昭和4年(1929)、萬里閣書房から刊行された『光雲懐古談』という書物があります。大正11年(1922)から、光太郎と、光太郎の友人で作家の田村松魚が光雲の談話を聴き、田村がそれを書き留めたものが中心になっています。
その中に、「大隈綾子刀自の思い出」という一項が設けられています。田村による聞き取りが行われていた大正12年(1923)、綾子が亡くなったことを受け、ちょうどいいい機会だから、と語ったものです。
それによると、綾子は御徒町に住んでいた旗本・三枝家の娘で、その三枝家が光雲の師匠・東雲の得意客であったことに端を発します。
一度は東雲が間に入って綾子が大工棟梁の家に嫁いだり(程なく不縁となり、出戻りましたが)、東雲が三枝家の屋敷を買い取ったり(移築されて、後に徴兵逃れのため光雲の養母となる東雲の姉・悦が暮らしました)、綾子の兄で当主の竜之介が東雲に大黒様の像を彫って貰ったところ、間もなく綾子と大隈重信の結婚がまとまり、大黒様の御利益だと評判になって、三枝家の親類筋からも大黒様の注文が入ったり……若き日の光雲はそうした経緯をそばで見聞きしていました。
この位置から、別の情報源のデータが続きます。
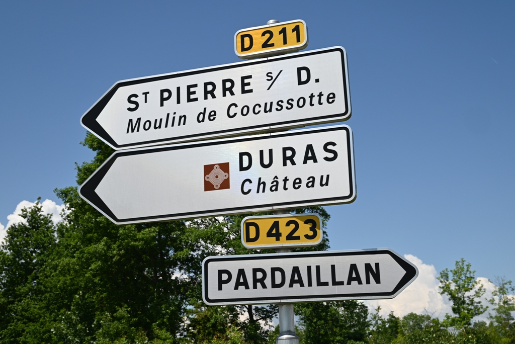 le soleil est revenu. Je fais le tour de la ville. Je croise Marguerite Duras (1914–1996), écrivaine, née Marguerite Donnadieu, dont le nom de plume est une référence à la ville de Duras.
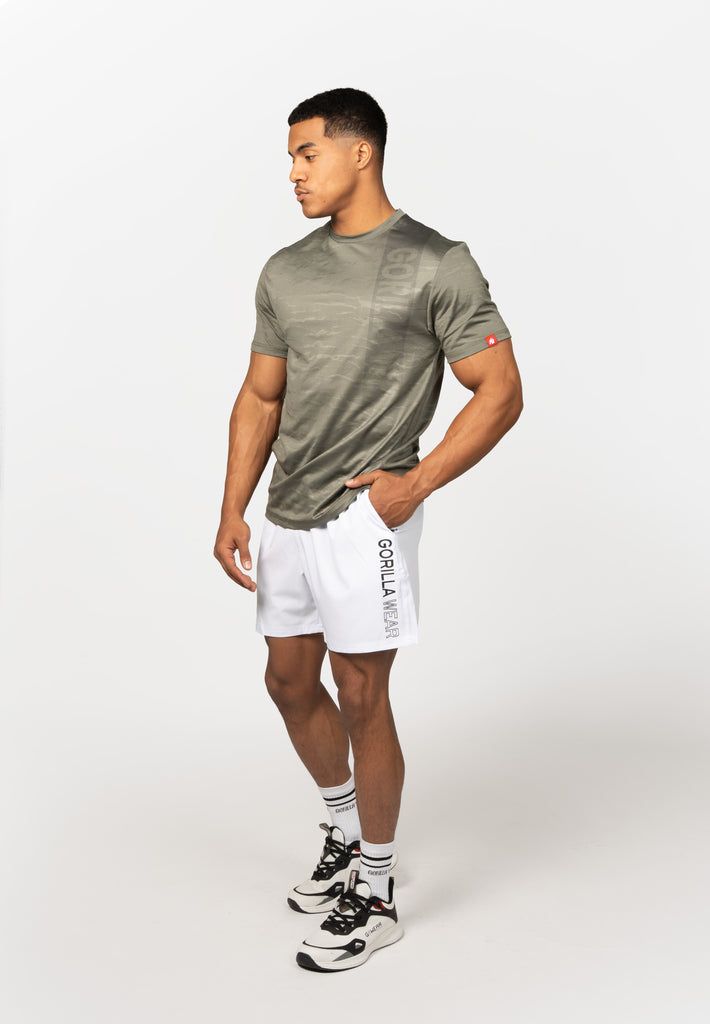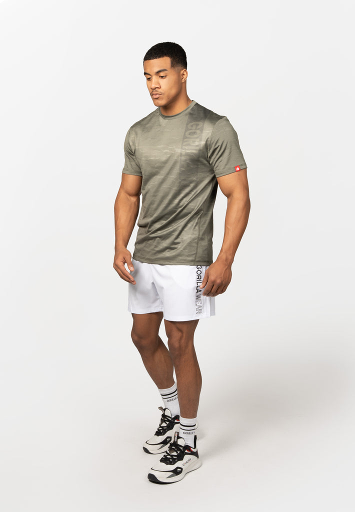 Suunniteltu suorituskykyyn, tehty arjen mukavuuteen. Westley T-Shirt on valmistettu kevyestä ja hengittävästä mesh-materiaalista, joka pitää olon viileänä rankoissakin treeneissä. Sublimoitu printti takaa, että värit ja yksityiskohdat säilyvät kirkkaina pesusta toiseen. Normaali istuvuus luo siistin ja sporttisen lookin, joka toimii niin salilla kuin vapaa-ajalla. Täydellinen lisä Gorilla Wear -valikoimaasi.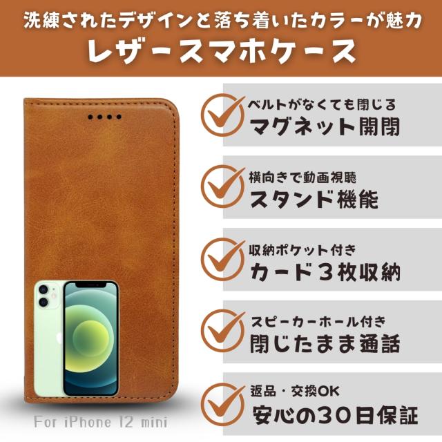 iPhone 12 mini アイフォーン 12 mini 手帳型 高品質レザー 手帳 カバー スマホケース スタンド機能付き マグネット開閉 カード収納付き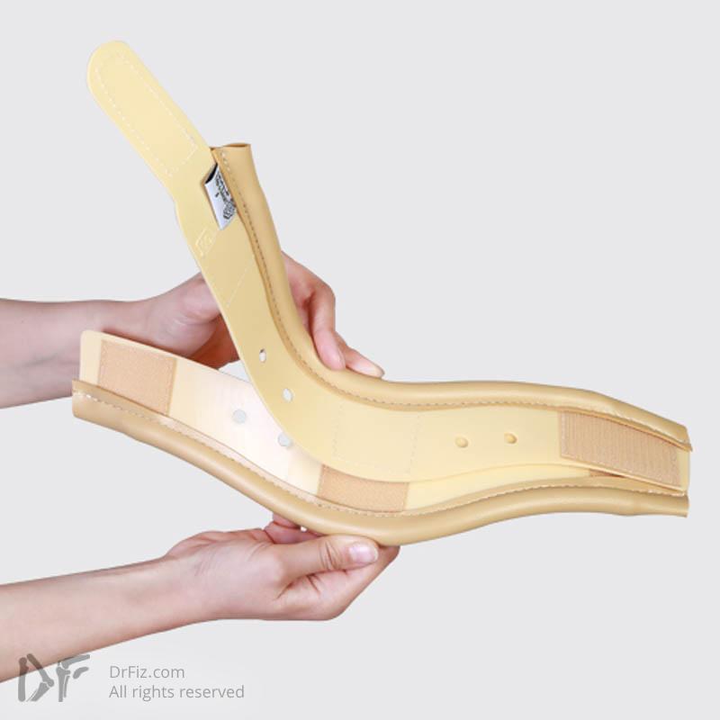 این گردنبند از پلاستیک سخت و مقاوم در کنار فوم داخلی نرم ساخته شده است. استفاده از این ترکیب سبب شده تا هم حمایت کافی از مهرهها فراهم شود و هم تماس محصول با پوست تا حد امکان راحت باقی بماند. طراحی آن سبک و مستحکم است و با وجود استحکام بالا، وزن آن به گونهای تنظیم شده که در استفاده روزمره باعث خستگی یا فشار بیش از حد نشود. سایزبندی دقیق، امکان انتخاب متناسب با شرایط فردی را فراهم میکند. این محصول از دو تکه اصلی (بخش جلویی و بخش پشتی) تشکیل شده است که با بستهای قابل تنظیم به هم متصل میشوند. این طراحی دو بخشی باعث میشود که گردن بهطور کامل از جلو و پشت ثابت نگه داشته شود و انطباق بهتری با فرم بدن ایجاد گردد.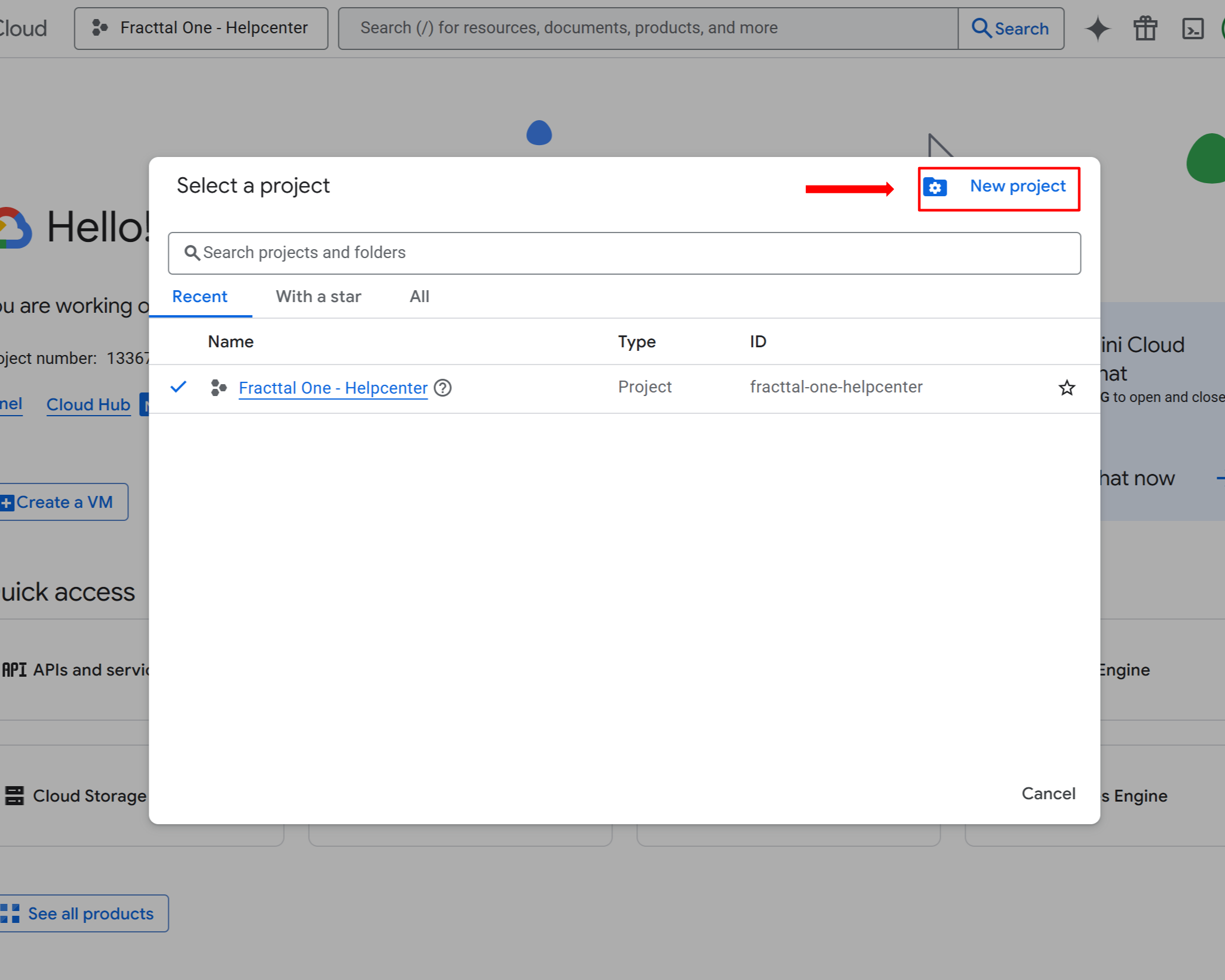 Aceda ao GCP com a sua conta Google e clique no seletor de projetos na barra superior, junto ao logótipo..

また、綾子が大隈家に嫁いだ後、綾子が実家に残した厖大な「南無阿弥陀仏」の願文を、光雲が師匠に命じられて、川施餓鬼の時に、二、三時間かけて吾妻橋から隅田川に流したこともあるそうです。
光雲の綾子評。
噂に聞けば大隈夫人綾子と云ふ人は、大層よく出来た人だとの評判であるが、成程、娘時代からあれ丈けの辛抱をして心を錬つて居られた丈あつて、今日天下一二と云はれる政治家の夫人となつてもやはりその妻としての役儀を立派に仕終せるといふは、心掛けがまた別なものであるかと感心したことでありました。
綾子が亡くなった後、綾子の過去に関する誤った風聞――光雲曰く「元、料理屋の女中であつたなど、誰々の妾であつたなど」――が広まり、それを憂えた光雲が、懐古談の中で、特に綾子の話をしたというわけです。
ところで、年令の関係ですが、光雲は嘉永5年(1853)の生まれ。綾子は2つ上の嘉永3年(1851)生まれです。ちなみに広岡浅子は嘉永2年(1850)生まれ。浅子の方が年上です。
「あさが来た」では波瑠さん(あさ)と松坂慶子さん(綾子)で、どう見ても綾子の方が年上に見えますが、そこはドラマの演出上、仕方がないのでしょう。
ところで光雲の語った「大隈綾子刀自の思い出」、「青空文庫」さんで読むことが出来ます。ぜひお読み下さい。
【折々の歌と句・光太郎】
春をりをり雨の寒さよ一人旅 明治42年(1909) 光太郎27歳
やっと暖かくなったと思ったら、寒の戻りで冷たい雨。「三寒四温」とはよく言ったものですね。